在Setup中初始化了schedulerserverconfig.config并完成了初始化scheduler，那么在Run函数中就可以执行scheduler的具体方法。

// cmd/kube-scheduler/app/server.go
// Run executes the scheduler based on the given configuration. It only returns on error or when context is done.
func Run(ctx context.Context, cc *schedulerserverconfig.CompletedConfig, sched *scheduler.Scheduler) error {
	......
	sched.Run(ctx)
	return fmt.Errorf("finished without leader elect")
}

Scheduler New 方法分析

调度器的主要功能就是Watch未调度的 Pod，找到一个合适的 Node 节点，追加到 Pod 结构体中然后回写到 ApiServer
调度器运行最终是调用的Scheduler结构体的Run方法，那么我们先简单看一下结构体存了哪些信息

// pkg/scheduler/scheduler.go
// Scheduler watches for new unscheduled pods. It attempts to find
// nodes that they fit on and writes bindings back to the api server.
type Scheduler struct {
	// It is expected that changes made via Cache will be observed
	// by NodeLister and Algorithm.
	// 预计通过 Cache 所做的更改将被 NodeLister 和算法观察到。
	Cache internalcache.Cache

	// 扩展器是外部进程影响Kubernetes做出的调度决策的接口,通常是不由Kubernetes直接管理的资源所需要的。
	Extenders []framework.Extender

	// NextPod should be a function that blocks until the next pod
	// is available. We don't use a channel for this, because scheduling
	// a pod may take some amount of time and we don't want pods to get
	// stale while they sit in a channel.
	// 以阻塞的形式获取下一个有效的待调度的Pod。这里不使用channel，主要是因为对一个pod的调度可能需要一些时间
	NextPod func() *framework.QueuedPodInfo

	// FailureHandler is called upon a scheduling failure.
	// 调度失败处理 Handler
	FailureHandler FailureHandlerFn

	// SchedulePod tries to schedule the given pod to one of the nodes in the node list.
	// Return a struct of ScheduleResult with the name of suggested host on success,
	// otherwise will return a FitError with reasons.
	// 试图将一个Pod调度到其中一个节点上，成功则返回 ScheduleResult, 否则返回带有失败原来的 FitError
	SchedulePod func(ctx context.Context, fwk framework.Framework, state *framework.CycleState, pod *v1.Pod) (ScheduleResult, error)

	// Close this to shut down the scheduler.
	StopEverything <-chan struct{}

	// SchedulingQueue holds pods to be scheduled
	// 等待被调度的Pod队列，也就是说只有从这个队列里获取的Pod才能被调度
	SchedulingQueue internalqueue.SchedulingQueue

	// Profiles are the scheduling profiles.
	// 调度配置profiles
	Profiles profile.Map

	client clientset.Interface

	// node 快照信息
	nodeInfoSnapshot *internalcache.Snapshot

	// 节点得分百分比
	percentageOfNodesToScore int32

	nextStartNodeIndex int

	// logger *must* be initialized when creating a Scheduler,
	// otherwise logging functions will access a nil sink and
	// panic.
	logger klog.Logger

	// registeredHandlers contains the registrations of all handlers.
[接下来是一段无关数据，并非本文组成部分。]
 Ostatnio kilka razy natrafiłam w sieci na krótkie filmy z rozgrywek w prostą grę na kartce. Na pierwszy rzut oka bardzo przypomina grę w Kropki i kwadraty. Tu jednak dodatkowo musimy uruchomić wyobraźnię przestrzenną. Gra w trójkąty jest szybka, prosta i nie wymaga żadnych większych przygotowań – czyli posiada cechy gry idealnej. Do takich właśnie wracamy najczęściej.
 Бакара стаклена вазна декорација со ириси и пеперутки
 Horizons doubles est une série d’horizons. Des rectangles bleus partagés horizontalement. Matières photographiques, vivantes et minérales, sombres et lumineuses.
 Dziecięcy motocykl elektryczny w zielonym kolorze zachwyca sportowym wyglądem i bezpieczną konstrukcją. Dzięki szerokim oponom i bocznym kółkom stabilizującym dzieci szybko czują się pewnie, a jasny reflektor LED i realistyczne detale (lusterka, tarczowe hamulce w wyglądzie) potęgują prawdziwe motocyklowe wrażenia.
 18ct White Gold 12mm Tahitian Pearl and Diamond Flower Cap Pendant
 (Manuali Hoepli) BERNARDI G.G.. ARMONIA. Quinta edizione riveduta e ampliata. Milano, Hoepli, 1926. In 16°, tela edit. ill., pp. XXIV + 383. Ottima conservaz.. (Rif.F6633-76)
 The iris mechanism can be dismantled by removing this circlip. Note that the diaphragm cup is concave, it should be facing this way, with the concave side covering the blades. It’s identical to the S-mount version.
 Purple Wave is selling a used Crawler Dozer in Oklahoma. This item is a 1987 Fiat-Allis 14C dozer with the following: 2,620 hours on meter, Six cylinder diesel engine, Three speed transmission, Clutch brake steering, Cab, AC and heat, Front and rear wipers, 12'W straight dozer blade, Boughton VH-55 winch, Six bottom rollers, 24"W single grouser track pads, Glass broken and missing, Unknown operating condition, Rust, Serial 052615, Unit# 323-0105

It's used to check if all handlers have finished syncing before the scheduling cycles start.
	registeredHandlers []cache.ResourceEventHandlerRegistration
}

分析了结构体信息后，在Setup函数中详细分析一下Scheduler New 了哪些内容
先看一下Setup中把options值传给了schedulerappconfig.conf，此处通过schedulerserverconfig.conf初始化scheduler

// cmd/kube-scheduler/app/server.go
// Setup creates a completed config and a scheduler based on the command args and options
func Setup(ctx context.Context, opts *options.Options, outOfTreeRegistryOptions ...Option) (*schedulerserverconfig.CompletedConfig, *scheduler.Scheduler, error) {
	......
	sched, err := scheduler.New(ctx,
		cc.Client,
		cc.InformerFactory,
		cc.DynInformerFactory,
		recorderFactory,
		scheduler.WithComponentConfigVersion(cc.ComponentConfig.TypeMeta.APIVersion),
		scheduler.WithKubeConfig(cc.KubeConfig),
		scheduler.WithProfiles(cc.ComponentConfig.Profiles...),
		scheduler.WithPercentageOfNodesToScore(cc.ComponentConfig.PercentageOfNodesToScore),
		scheduler.WithFrameworkOutOfTreeRegistry(outOfTreeRegistry),
		scheduler.WithPodMaxBackoffSeconds(cc.ComponentConfig.PodMaxBackoffSeconds),
		scheduler.WithPodInitialBackoffSeconds(cc.ComponentConfig.PodInitialBackoffSeconds),
		scheduler.WithPodMaxInUnschedulablePodsDuration(cc.PodMaxInUnschedulablePodsDuration),
		scheduler.WithExtenders(cc.ComponentConfig.Extenders...),
		scheduler.WithParallelism(cc.ComponentConfig.Parallelism),
		scheduler.WithBuildFrameworkCapturer(func(profile kubeschedulerconfig.KubeSchedulerProfile) {
			// Profiles are processed during Framework instantiation to set default plugins and configurations. Capturing them for logging
			completedProfiles = append(completedProfiles, profile)
		}),
	)
	......

	return &cc, sched, nil
}

详细看看New函数初始化的内容

// pkg/scheduler/scheduler.go
// New returns a Scheduler
func New(ctx context.Context,
	client clientset.Interface,
	informerFactory informers.SharedInformerFactory,
	dynInformerFactory dynamicinformer.DynamicSharedInformerFactory,
	recorderFactory profile.RecorderFactory,
	opts ...Option) (*Scheduler, error) {

	logger := klog.FromContext(ctx)
	stopEverything := ctx.Done()

	// 初始化 options
	options := defaultSchedulerOptions

	// 此处相当于回调，Option 类型是函数，所以相当于把 options 传给函数执行一下
	// 把自定义值传给 schedulerOptions
	//scheduler.WithComponentConfigVersion 开始都是 option
	for _, opt := range opts {
		opt(&options)
	}

	// 此处出现了一个重要结构 Profile
	if options.applyDefaultProfile {
		var versionedCfg configv1.KubeSchedulerConfiguration
		scheme.Scheme.Default(&versionedCfg)
		cfg := schedulerapi.KubeSchedulerConfiguration{}
		if err := scheme.Scheme.Convert(&versionedCfg, &cfg, nil); err != nil {
			return nil, err
		}
		// 就是把默认的 Profiles 传给 Options.profiles
		// 通过指定 "scheduler name" profile，可以用来控制Pod的调度行为，如何为空则默认使用 "default-scheduler" profile
		options.profiles = cfg.Profiles
	}

	// 注册表注册所有树内插件
	// registry 类型是 map[string]PluginFactory，就是前面是名称后面是方法
	registry := frameworkplugins.NewInTreeRegistry()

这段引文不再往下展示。